Academic Editor: Sergejs Solovjovs
Received07 Oct 2020
Revised08 Jan 2021
Accepted12 Feb 2021
Published24 Feb 2021

#### Abstract

Research has shown that current health expenditure in most countries, especially in sub-Saharan Africa, is inadequate and unsustainable. Yet, fraud, abuse, and waste in health insurance claims by service providers and subscribers threaten the delivery of quality healthcare. It is therefore imperative to analyze health insurance claim data to identify potentially suspicious claims. Typically, anomaly detection can be posited as a classification problem that requires the use of statistical methods such as mixture models and machine learning approaches to classify data points as either normal or anomalous. Additionally, health insurance claim data are mostly associated with problems of sparsity, heteroscedasticity, multicollinearity, and the presence of missing values. The analyses of such data are best addressed by adopting more robust statistical techniques. In this paper, we utilized the Bayesian quantile regression model to establish the relations between claim outcome of interest and subject-level features and further classify claims as either normal or anomalous. An estimated model component is assumed to inherently capture the behaviors of the response variable. A Bayesian mixture model, assuming a normal mixture of two components, is used to label claims as either normal or anomalous. The model was applied to health insurance data captured on 115 people suffering from various cardiovascular diseases across different states in the USA. Results show that 25 out of 115 claims (21.7%) were potentially suspicious. The overall accuracy of the fitted model was assessed to be 92%. Through the methodological approach and empirical application, we demonstrated that the Bayesian quantile regression is a viable model for anomaly detection.

#### 1. Introduction

Providing quality and accessible healthcare is a major political decision that governments make all over the world. A major challenge in achieving this is funding. According to Novignon et al. , majority of countries in developing regions, especially sub-Saharan Africa (SSA), rely on donor grants and loans to finance healthcare. Such expenditures are not only unsustainable but also inadequate considering the enormous healthcare burden in the region. Apart from direct government investment into health services, health insurance schemes have been instituted to reduce the proportion of health service cost borne by the populace in many countries. However, fraud, abuse, and waste in health insurance claims by service providers and subscribers threaten the delivery of quality healthcare. The National Healthcare Antifraud Association (NHCAA) of the United States defines healthcare fraud as an intentional deception or misrepresentation made by a person or an entity, with the knowledge that the deception could result in some kinds of unauthorized benefits to that person or entity [2, 3]. This “intentional deception or misrepresentation” can produce observations in the data that do not conform to normal observed patterns. These can therefore be regarded as anomalies or outliers. There are several statistical methods that are employed in the identification of fraud, especially in health insurance claims. Wilson  applied the logistic regression model to detect auto insurance fraud. This method is only possible if there is information on both legitimate and fraudulent claims. Moreover, the labeling process may be fraught with error such that any model that is built on this may not automatically capture these errors. Ekina et al.  used Bayesian co-clustering model to detect health insurance fraud. This method has been used for the analysis of dyadic data, and since “conspiracy fraud” involves a connection between two entities, the Bayesian co-clustering is an appropriate method. Liu and Vasarhelyi  used a clustering method incorporating geo-locating information to detect fraud in Medicare/Medicaid data in the US.
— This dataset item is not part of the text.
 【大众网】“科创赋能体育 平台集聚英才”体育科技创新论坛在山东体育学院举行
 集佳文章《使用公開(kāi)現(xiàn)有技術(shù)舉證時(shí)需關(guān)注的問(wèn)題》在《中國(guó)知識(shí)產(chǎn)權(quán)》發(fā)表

Ekin et al.  provided a comprehensive assessment of medical fraud research. They mentioned that health fraud research is an emerging field which has gained some attention from researchers but acknowledged that more research needs to be conducted especially using Bayesian techniques. Bayesian methods have generally been proven to be an effective approach of identifying fraud. This is because Bayesian methods do not make strong statistical assumption as the frequentist counterparts.
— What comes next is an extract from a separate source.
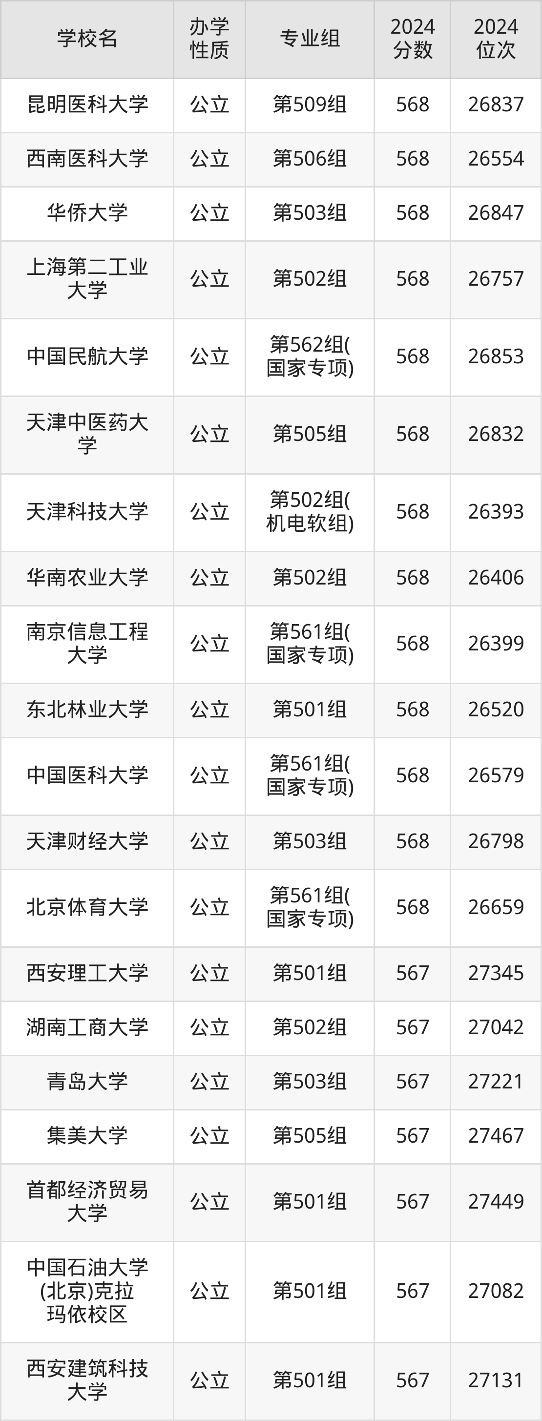 | 东北林业大学 | 第561组( 国家专项) | 563 | 29379 |

Below are some reasons why Bayesian techniques would be appropriate for health fraud study .(i)Medical data are sparse because fraudulent cases are rare, as compared to legitimate cases.(ii)Data are also dynamic. Both fraudulent and legitimate patterns evolve over time.(iii)Fraudulent claims are not homogeneous.(iv)Missing values are present, and these can lead to over- or undersampling, nonrepresentativeness, and potential bias in inference.(v)Medical data are skewed and non-normal.

To address these challenges, this study proposes the use of Bayesian quantile regression techniques and Bayesian mixture model to identify fraud in health insurance data.

This study seeks to specify the posterior distribution of the parameters of interest given the data; identify the distribution of anomalous claims; and estimate the probability of each claim to identify potential anomalous claims.

#### 2. Materials and Methods

##### 2.1. Bayesian Method

From the Bayesian perspective, parameter vector of a given model is assumed to have a probability distribution referred to as the prior probability distribution. This prior probability distribution is informed by the prior knowledge about the parameter. The data from which the parameter is to be estimated are generated by a probability process, and this generating process is referred to as the likelihood. Of interest is the posterior probability which is the probability of the unknown parameter given the data. Given as a vector of observations, independently and identically distributed, and a vector of unknown parameters, then the posterior probability distribution of the parameters is represented aswhere is the prior probability of the parameter and is the posterior probability of given the observed data .

Generally, the prior may be chosen based on some information available and hence called informative prior. It may be chosen based on little or no information available. Such priors are called noninformative prior. The uniform distribution or Jeffrey’s prior is mostly used when there is no prior information about the unknown parameter. A prior may also either be a proper prior or an improper prior. A chosen proper prior results in a proper posterior probability. An improper prior is a distribution that does not integrate to one. However, if an improper prior is chosen properly, the resulting posterior distribution may be a proper posterior distribution.

There are other ways of choosing the prior. The prior can be chosen such that the resultant posterior distribution has the same form as the prior probability. Such priors are called conjugate.

##### 2.2. Quantile Regression

This study used the quantile regression to capture the relationship between the variables and to estimate parameters of the model. This is because of its ability to capture the relationship across the entire data without imposing strong parametric assumptions about the response variable.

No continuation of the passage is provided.